I do not know if this is documented anywhere, if so I would love a reference to it, however I have found some unexpected behaviour when using OpenMP. I have a simple program below to illustrate the issue. Here in point form I will tell what I expect the program to do:
I want to have 2 threads
They both share an integer
The first thread increments the integer
The second thread reads the integer
Ater incrementing once, an external process must tell the first thread to continue incrementing (via a mutex lock)
The second thread is in charge of unlocking this mutex
As you will see, the counter which is shared between the threads is not altered properly for the second thread. However, if I turn the counter into an integer refernce instead, I get the expected result. Here is a simple code example:
#include <mutex>
#include <thread>
#include <chrono>
#include <iostream>
#include <omp.h>
using namespace std;
using std::this_thread::sleep_for;
using std::chrono::milliseconds;
const int sleep_amount = 2000;
int main() {
int counter = 0; // if I comment this and uncomment the 2 lines below, I get the expected results
/* int c = 0; */
/* int &counter = c; */
omp_lock_t mut;
omp_init_lock(&mut);
int counter_1, counter_2;
#pragma omp parallel
#pragma omp single
{
#pragma omp task default(shared)
// The first task just increments the counter 3 times
{
while (counter < 3) {
omp_set_lock(&mut);
counter += 1;
cout << "increasing: " << counter << endl;
}
}
#pragma omp task default(shared)
{
sleep_for(milliseconds(sleep_amount));
// While sleeping, counter is increased to 1 in the first task
counter_1 = counter;
cout << "counter_1: " << counter << endl;
omp_unset_lock(&mut);
sleep_for(milliseconds(sleep_amount));
// While sleeping, counter is increased to 2 in the first task
counter_2 = counter;
cout << "counter_2: " << counter << endl;
omp_unset_lock(&mut);
// Release one last time to increment the counter to 3
}
}
omp_destroy_lock(&mut);
cout << "expected: 1, actual: " << counter_1 << endl;
cout << "expected: 2, actual: " << counter_2 << endl;
cout << "expected: 3, actual: " << counter << endl;
}
Here is my output:
increasing: 1
counter_1: 0
increasing: 2
counter_2: 0
increasing: 3
expected: 1, actual: 0
expected: 2, actual: 0
expected: 3, actual: 3
gcc version: 9.4.0
Additional discoveries:
If I use OpenMP 'sections' instead of 'tasks', I get the expected result as well. The problem seems to be with 'tasks' specifically
If I use posix semaphores, this problem also persists.

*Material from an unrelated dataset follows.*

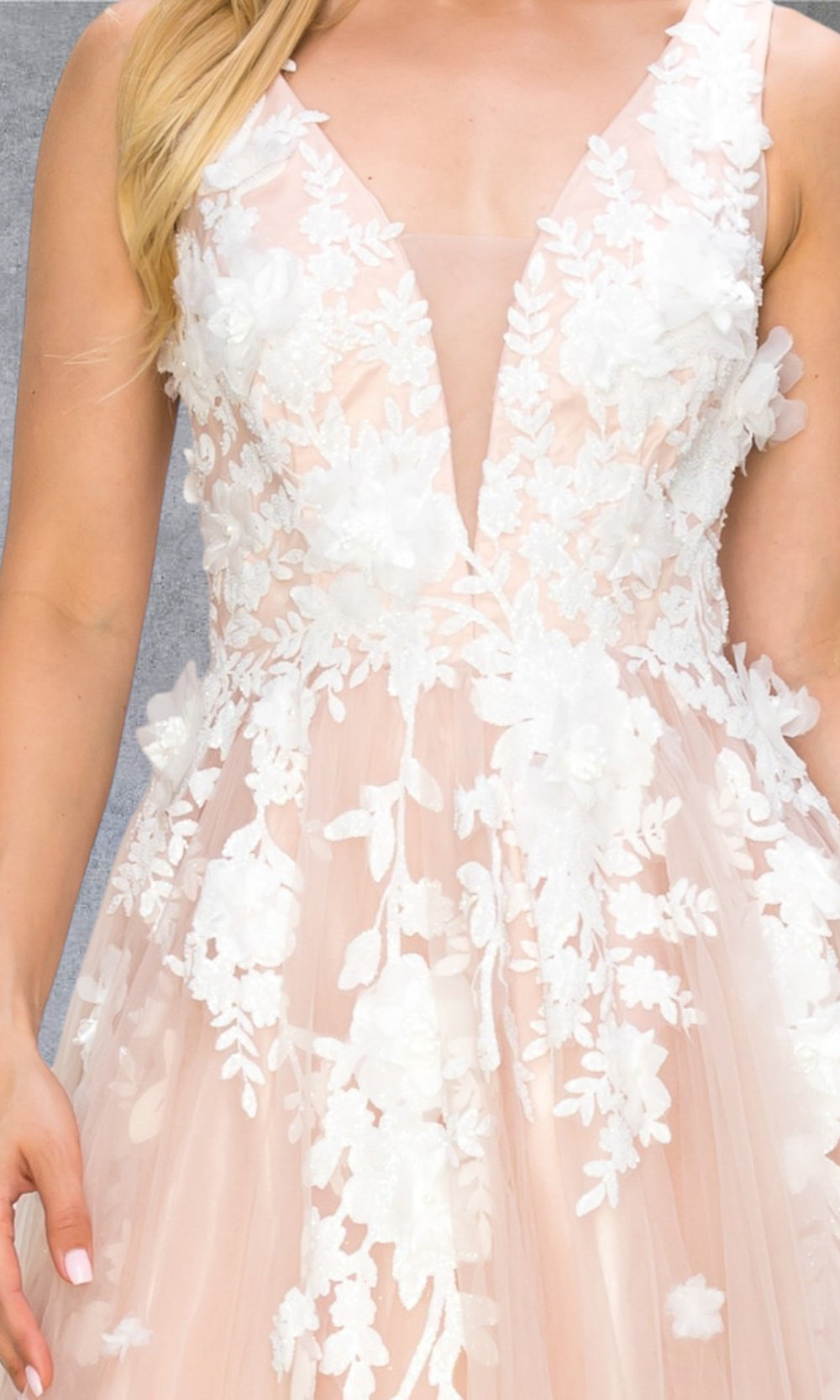 | Details: | Sleeveless, Illusion Bodice, 3D Organza Floral Applique, Pearl, Beaded, V-Open Back, Layered Skirt |

This is not permitted to unlock a mutex from another thread. Doing it causes an undefined behavior. The general solution is to use semaphores in this case. Wait conditions can also help (regarding the real-world use cases). To quote the OpenMP documentation (note that this constraint is shared by nearly all mutex implementation including pthreads):
A program that accesses a lock that is not in the locked state or that is not owned by the task that contains the call through either routine is non-conforming.
A program that accesses a lock that is not in the uninitialized state through either routine is non-conforming.
Moreover, the two tasks can be executed on the same thread or different threads. You should not assume anything about their scheduling unless you tell OpenMP to do so with dependencies. Here, it is completely compliant for a runtime to execute the tasks serially. You need to use OpenMP sections so multiple threads execute different sections. Besides, it is generally considered as a bad practice to use locks in tasks as the runtime scheduler is not aware of them.
Finally, you do not need a lock in this case: an atomic operation is sufficient. Fortunately, OpenMP supports atomic operations (as well as C++).
Additional notes
Note that locks guarantee the consistency of memory accesses in multiple threads thanks to memory barriers. Indeed, an unlock operation on a mutex cause a release memory barrier that make writes visible from others threads. A lock from another thread do an acquire memory barrier that force reads to be done after the lock. When lock/unlocks are not used correctly, the way memory accesses are done is not safe anymore and this cause some variable not to be updated from other threads for example. More generally, this also tends to create race conditions. Thus, put it shortly, don't do that.

Related

Do spinlocks guarantee context switching when compared to mutexes

Consider the following code snippet
int index = 0;
av::utils::Lock lock(av::utils::Lock::EStrategy::eMutex); // Uses a mutex or a spin lock based on specified strategy.
void fun()
{
for (int i = 0; i < 100; ++i)
{
lock.aquire();
++index;
std::cout << "thread " << std::this_thread::get_id() << " index = " << index << std::endl;
std::this_thread::sleep_for(std::chrono::milliseconds(500));
lock.release();
}
}
int main()
{
std::thread t1(fun);
std::thread t2(fun);
t1.join();
t2.join();
}
The output that I get with a mutex used for synchronization is first thread 1 gets executed completely followed by thread 2.
While using a spinlock(implemented using std::atomic_flag), I get the order of execution between the threads which is interleaved (one iteration of thread 1 followed by another iteration of thread 2). The latter case happens irrespective of the delay I add in execution of the iteration.
I understand that a mutex only guarantees mutual exclusion and not the order of execution. The question I have is if I want to have an execution order such that two threads are executed in an interleaved manner, is using spinlocks a recommended strategy or not?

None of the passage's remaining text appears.